Jimenez introduced the hazard pay proposal last week and initially recommended the council institute a $5 hourly increase but it was negotiated down to $3 on Tuesday.

“Oftentimes we’ve thought about frontline workers as it relates to our health care system lifting up doctors and nurses,” Jimenez said. “We also got to understand that there’s many more other folks that are working on the front lines and that’s why I thought this hazard pay was important.”

Retail workers, including grocery store employees, are five times more likely to test positive for COVID-19, according to a study published in the journal Occupational and Environmental Medicine.

John Nunes, president of United Food and Commercial Workers Local 5, urged the council to pass the hazard pay mandate and emphasized employees should be compensated for their sacrifices.

“The work they provide is life-threatening,” Nunes said. “Our union nationally has lost over 120 workers to this deadly disease.”

The union, which represents more than 25,000 grocery store employees in Northern California, also had more than 28,700 employees exposed to positive COVID-19 cases.

But San Jose still has looming threats of lawsuits if the council institutes the pay boost, especially as the California Retailers Association prepares to fight back.

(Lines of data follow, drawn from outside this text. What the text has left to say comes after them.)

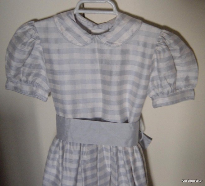 -- DESCRITIVO: Vestido de menina em seda de excelente qualidade, com padrão às riscas azuis claras e brancas. Decote redondo e gola princesa rematada em seda azul clara. Mangas de balão pregadas e macheadas debruadas no mesmo tecido padrão do vestido e rematadas com seda azul de forma semelhante à gola. Cintura franzida com aperto através de uma faixa em seda azul clara presa aos lados através de duas presilhas, Solta na parte de trás por forma a poder dar um laço de remate nas costas. Abotoamento nas costas com cinco botões forrados a seda azul clara igual à da faixa. Vestido inteiramente forrado.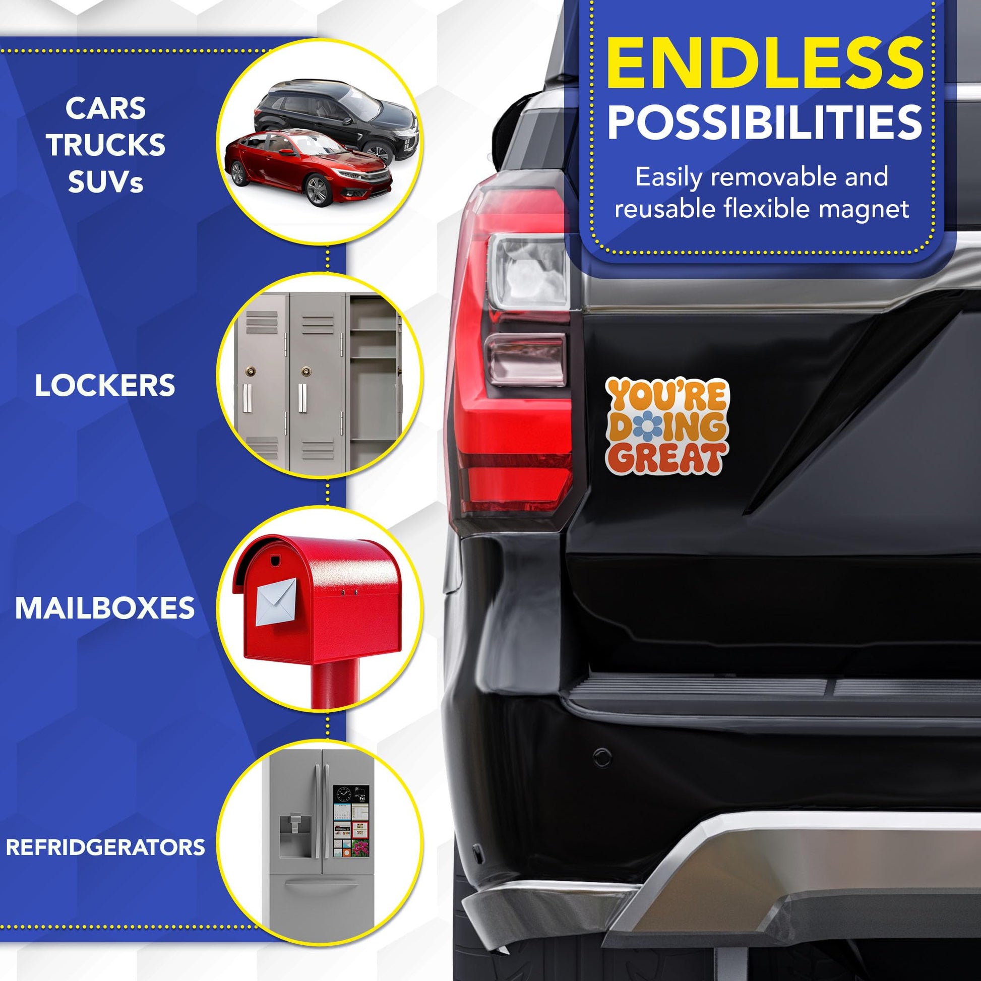 - ๐งฒ ๐๐ป๐ฑ๐น๐ฒ๐๐ ๐ฝ๐ผ๐๐๐ถ๐ฏ๐ถ๐น๐ถ๐๐ถ๐ฒ๐; our heavy-duty magnets are ideal for use on cars, trucks, SUVs, mailboxes, refrigerators, toolboxes, etc. Easily removable and reusable, you can proudly display this flexible magnet in a plethora of spaces. Please ensure that your surface is composed of steel rather than fiberglass, plastic, or aluminum. Magnets will not stick to non-metal surfaces.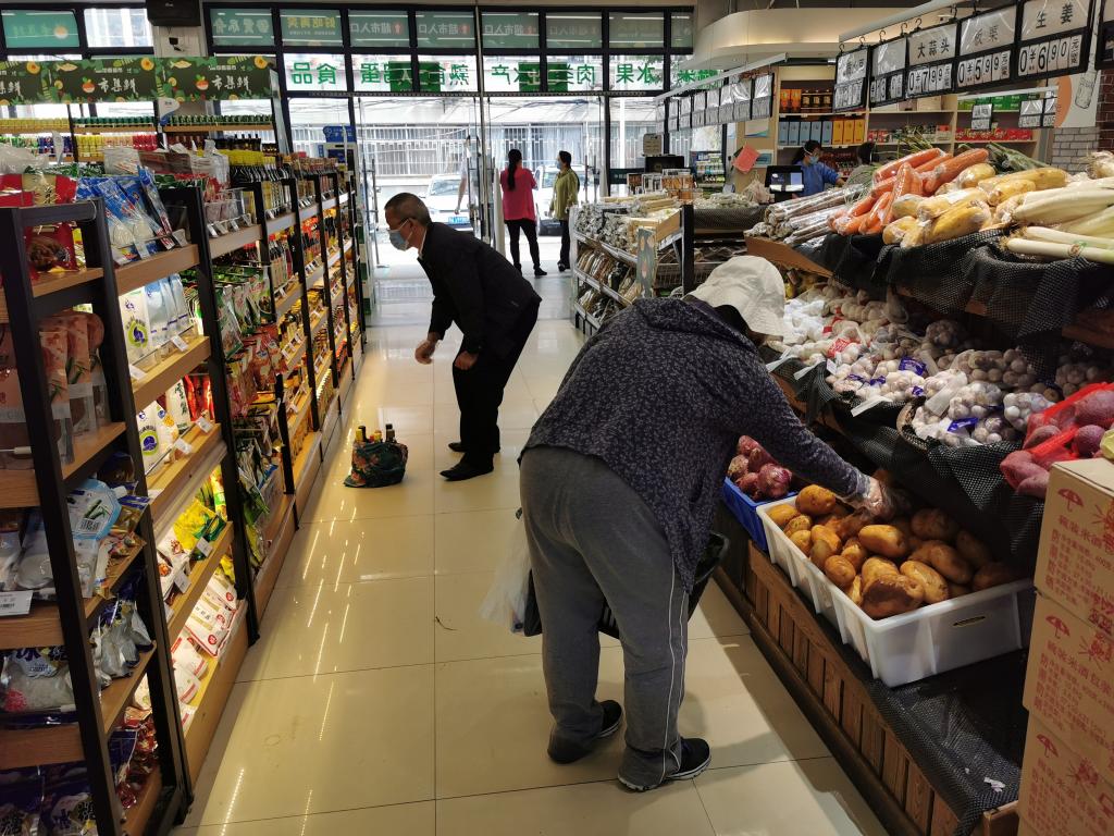 5月1日上午8:30,中心赶在超市营业前,对超市防疫准备工作、上岗人员的体温登记、卖场的消毒消杀、供应商品的质量、消防安全等情况进行检查。在检查中,随机抽查五花肉5份,精瘦肉2份,后腿肉2份,筒子骨1份,通排1份,其重量与价签标注的相符,均在保质期内,无质量问题。检查了水果、蔬菜、酸奶、零食、佐料、面包、日化用品等商品的生产日期,均在保质期内。

“A mandated pay increase beyond what retail employers can tolerate without raising prices or cutting workforce hours will hurt both consumers and our hardworking employees,” a spokesperson from the California Retailers Association said at the council meeting.

“This is the last thing our members want to do in the middle of a COVID-19 pandemic and economic crisis,” he continued.

San Jose leaders will discuss the legal risks in a closed session next week. If the motion passes, San Jose will join Long Beach, Santa Monica and Oakland, which unanimously approved a $5 hourly pay increase on Tuesday.

The Los Angeles City Council also unanimously voted to move forward with hazard pay plans on Tuesday.